Let your doctor know if you answered yes to any of these questions.
Diagnosing POP begins with a complete medical history and physical examination. The doctor will carefully examine your vulva and vagina for any lesions or ulcers and will perform an internal examination to identify any prolapsed organs. The doctor will also conduct a rectal examination to test for the resting tone and contraction of the anal muscle and to look for any abnormalities in that region. The doctor may also examine you while you're standing (to see if gravity brings the organs down) and may ask you to strain as if you were urinating or having a bowel movement. A check of the nerves and reflexes in this area may be included.

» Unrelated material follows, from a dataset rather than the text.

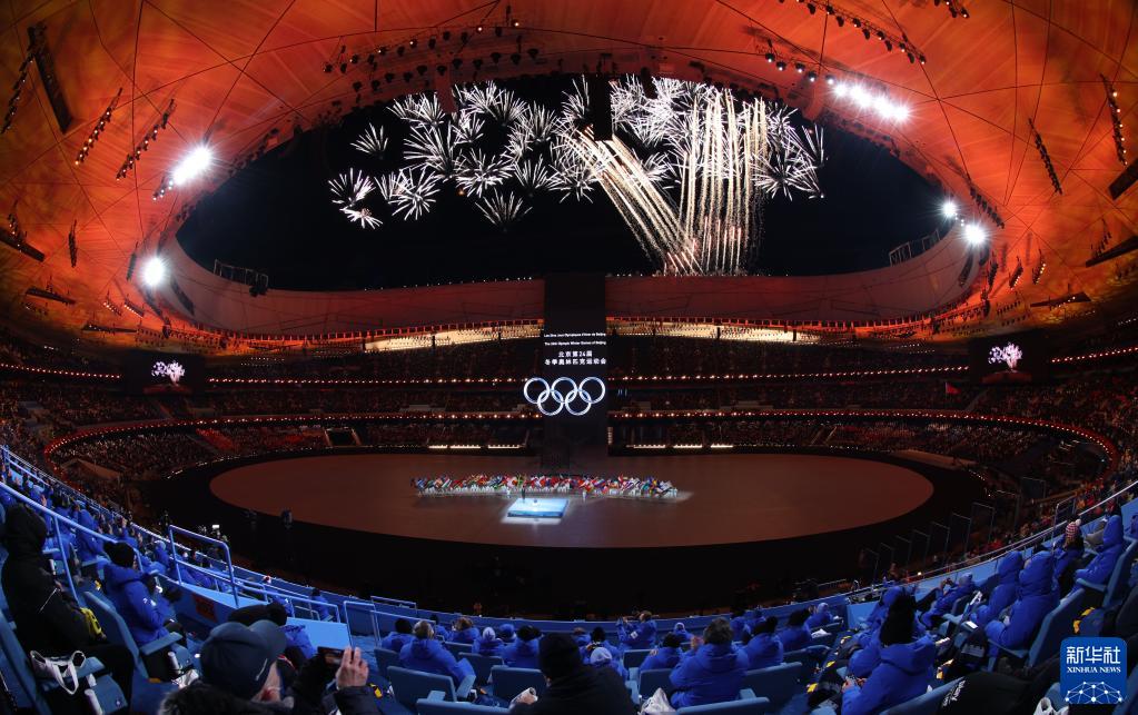 2022年2月4日晚,第二十四屆冬季奧林匹克運動(dòng)會(huì )開(kāi)幕式在北京國家體育場(chǎng)舉行。這是開(kāi)幕式上的焰火表演。新華社記者 徐子鑒 攝

POP refers to a displacement of one of the pelvic organs (uterus, vagina, bladder or rectum). These displacements are typically graded on a scale of 0 to 4, with 0 being no prolapse and 4 being total prolapse (called procidentia). Your doctor will determine which type of prolapse you have. The different types include the following:
* Bladder prolapse (cystocele). In this form, the bladder falls toward the vagina, creating a bulge in the vaginal wall. Usually the urethra also prolapses with the bladder, called urethrocele. The two together are called cystourethrocele. Symptoms include stress incontinence (when you urinate a little when you sneeze, cough, jump, etc.) or problems urinating.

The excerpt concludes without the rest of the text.